— Твоя правда, государь, — присказал Шереметев.
— Вот кто потешит меня! — подскочил Иван к Репнину. — Ну-ка, Репа, поусердствуй!.. Да машкару надень! — Иван приставил к лицу Репнина свою маску. — Меня ею в Торопце одарили.
Он принамерился надеть на Репнина маску, но Репнин решительно, с суеверным, брезгливым страхом отвел ее от себя, сурово, вразумляюще сказал ему:
— Я христианин, государь, и бесовским действом не стану сквернить своей души.
— Полно, Репа!.. Мы в единой купели крещены.
— Тем прискорбней… для тебя, государь.
По скулам Ивана прометнулась злая судорожь, на лицо выбрызнула горячая чернота и медленно стекла к губам. Он куснул их, как будто хотел обгрызть эту спекшуюся чернь, куснул раз, другой — и вдруг улыбнулся…
— Ты, веди, еще не стал моим шутом. Репа, чтоб речи такие вести, — сказал он с привздохом, сказал спокойно и скорей осуждающе, чем с предупреждением. — Я могу и оскорбиться твоей холопьей дерзостью.
— Прости, государь, мою дерзость и искренность, — сказал, побледнев, Репнин, — но с чего бы тебе оскорбляться, над моею душой глумясь?!
— Полно, Репа… — Иван вновь куснул спекшуюся чернь на своих губах. — Побереги душу свою от иного греха, коего и в иордани 226 не очистить… От противления своему государю!
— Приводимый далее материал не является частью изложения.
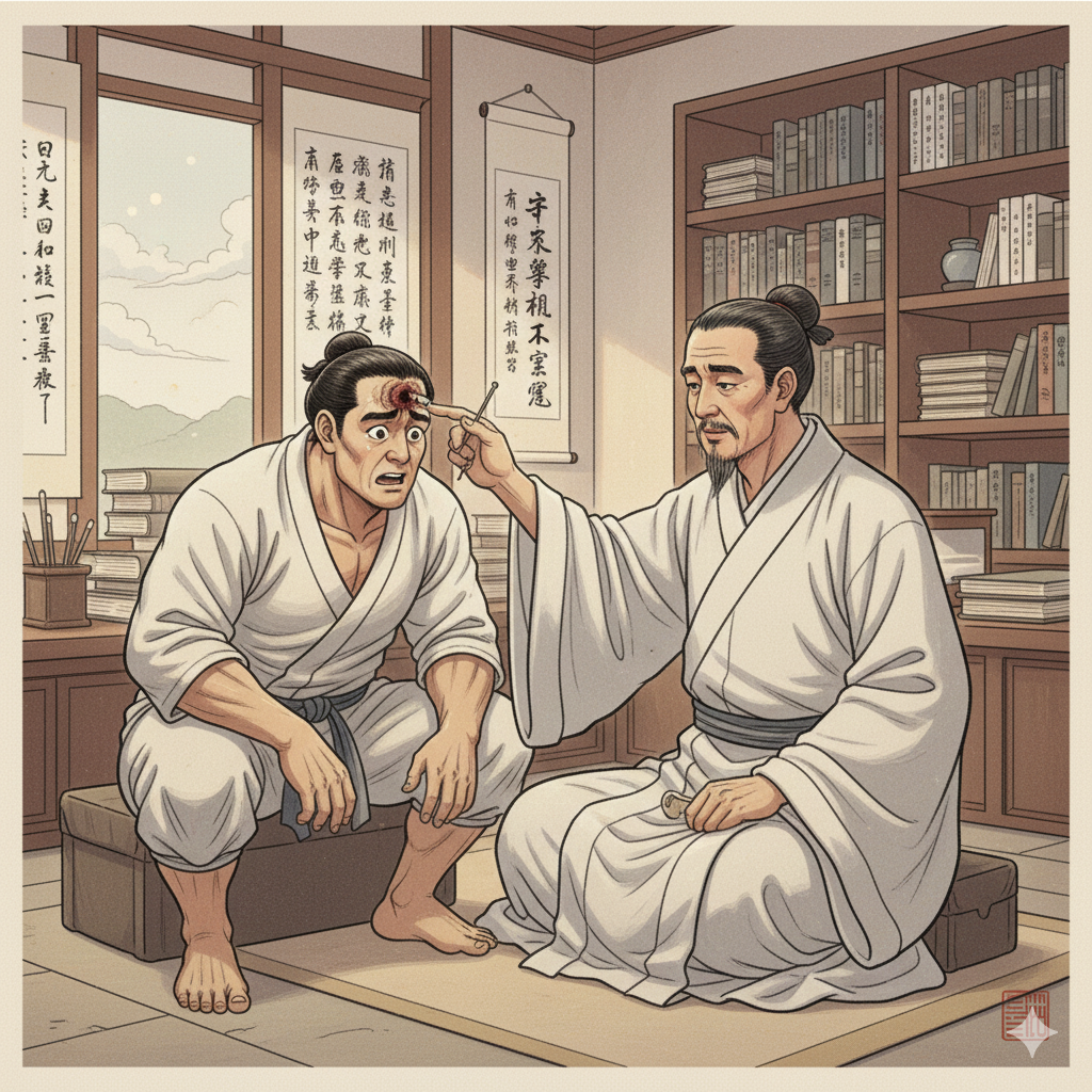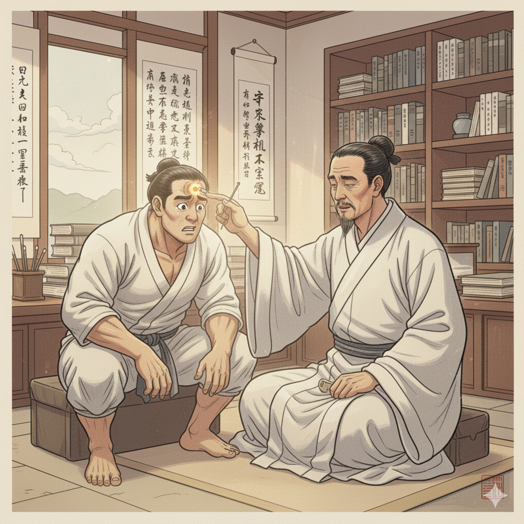 - English: In a serene, tidy Eastern study, a neatly dressed physician (or therapist) calmly, yet deeply, examines the forehead of the great hero (modern individual). Startled by the physician's sharp question, the hero's eyes redden with complex emotions (surprise, hope, doubt). The physician's gesture emanates wisdom. (279 characters)

Я велю тебе плясать… Слышишь, велю! Велю! — пьяно вскрикнул Иван и топнул ногой.
Репнин стоял бледный, молчал; упрямые, строгие глаза его были полны слез. Иван взмахнул рукой, подозвал слуг, повелел им надеть на Репнина маску. Репнин не сопротивлялся, он как будто смирился…
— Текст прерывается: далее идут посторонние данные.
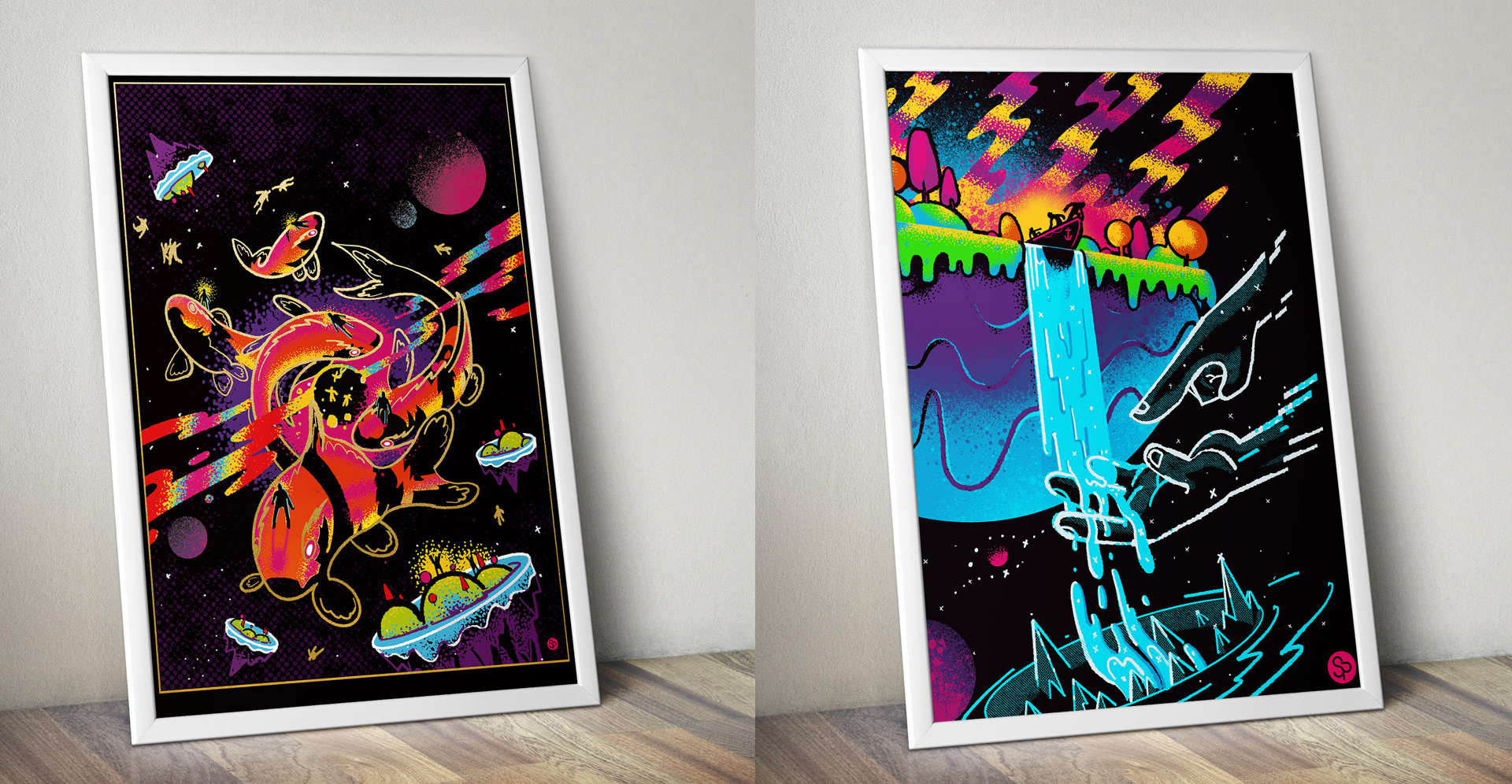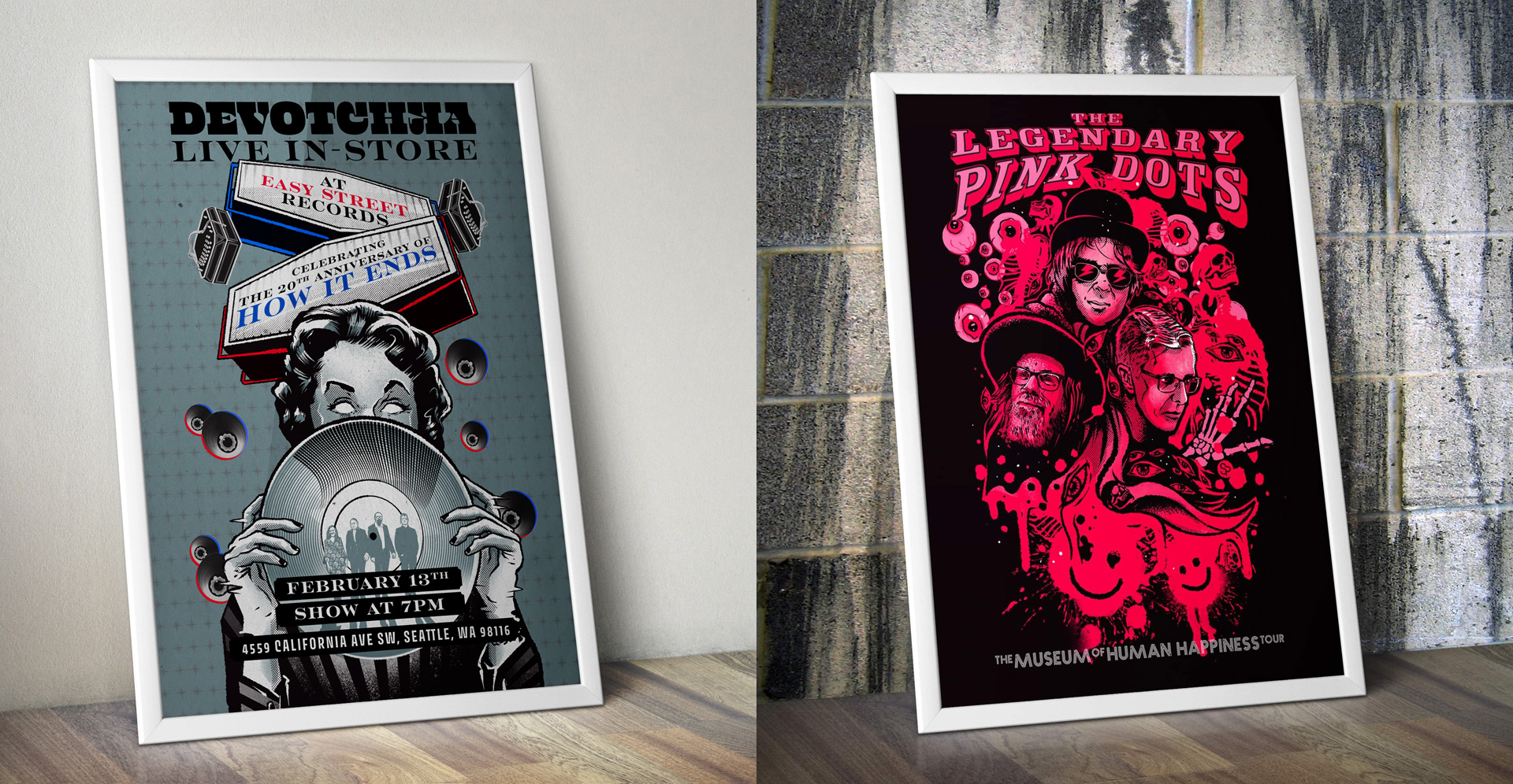 A variety of posters for different clients.
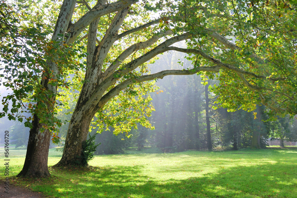 Green plane trees and sunshine rays in the background

— Ну вот, давно бы так! — захохотал Иван, потешенный видом Репнина. — Дурак ты, Репа, не ведаешь, в чем твое истинное призвание. И душу бы свою устроил, — вновь захохотал Иван. — Ин шуты, как и блаженные, наследуют царство божие. Ну ступай, ступай попляши!.. Что стоишь истуканом! Уноровишь нам, так мы тебя пожалуем!
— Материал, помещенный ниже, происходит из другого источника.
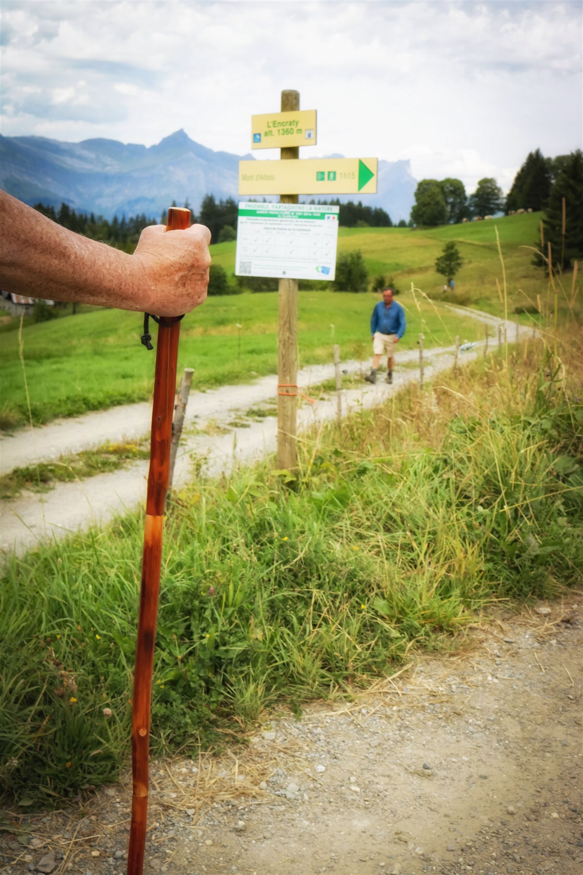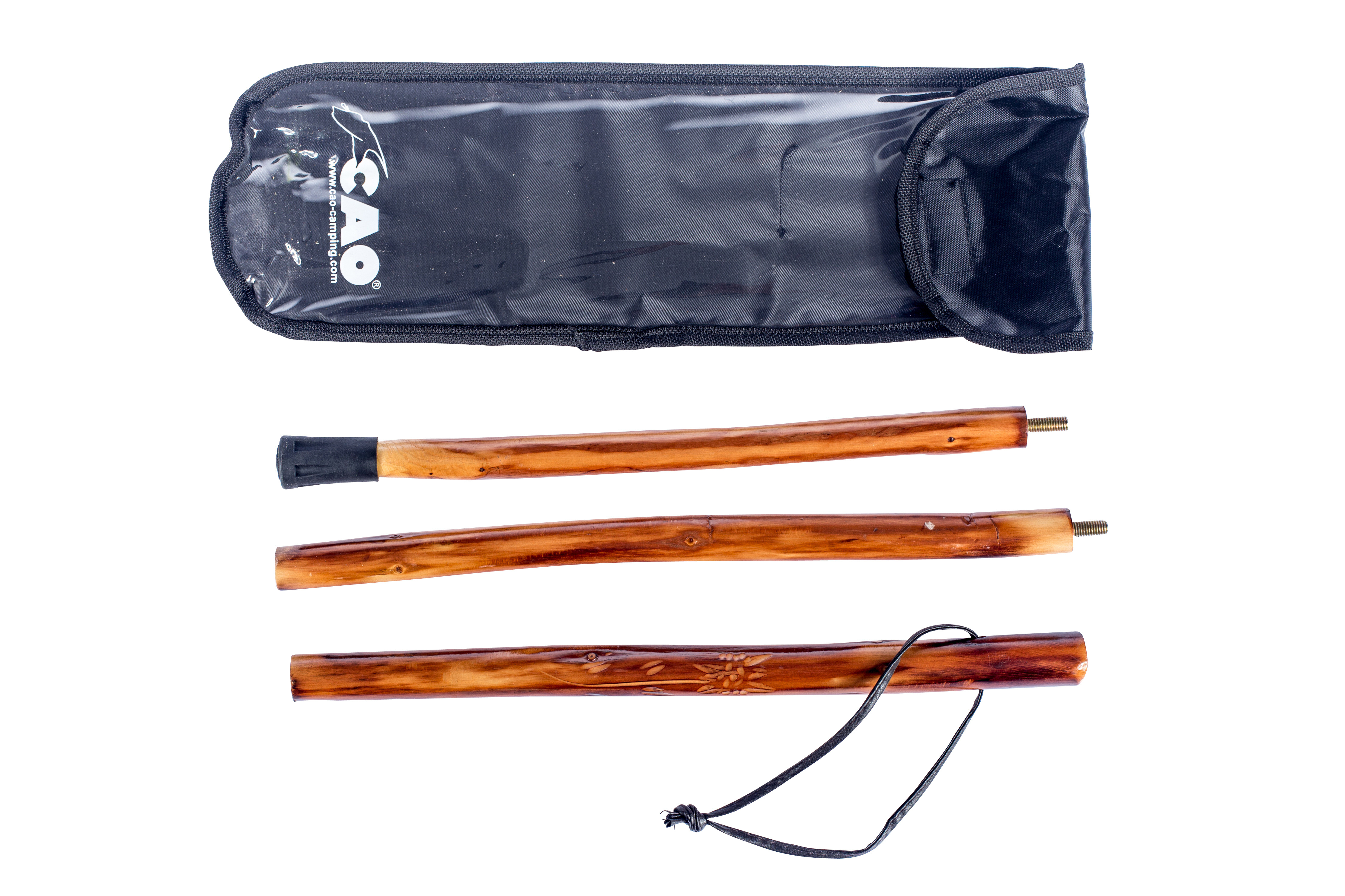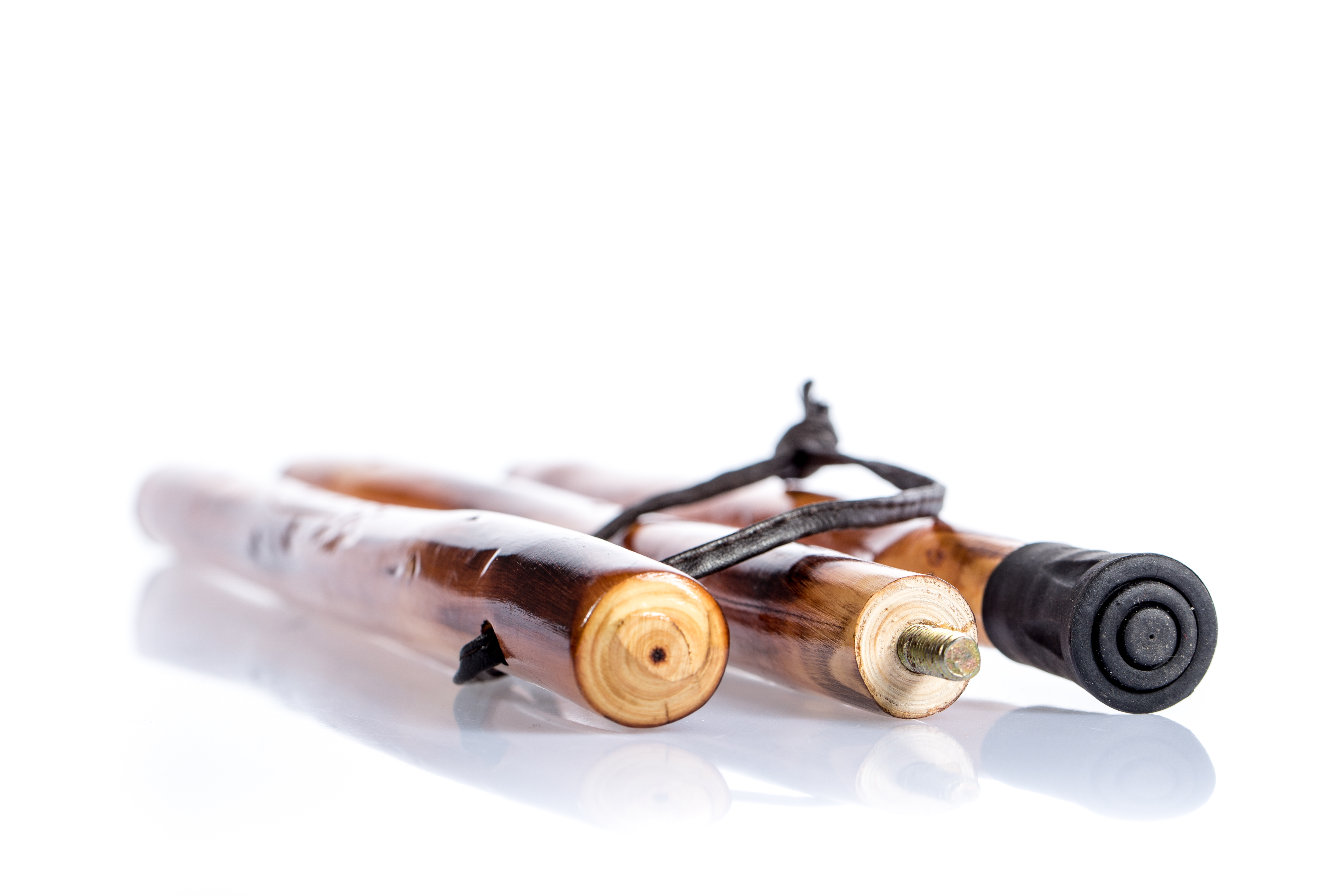 Avec pointe métallique, embout caoutchouc de protection et lanière poignée.

Репнин сделал несколько медленных, покорных шагов, однако видно было, как мучительны они для него, словно он ступал по своей собственной душе, брошенной ему под ноги. И не смог он превозмочь этой мучительности — остановился, сорвал с себя маску, бросил ее на пол, принялся с остервенением топтать ее.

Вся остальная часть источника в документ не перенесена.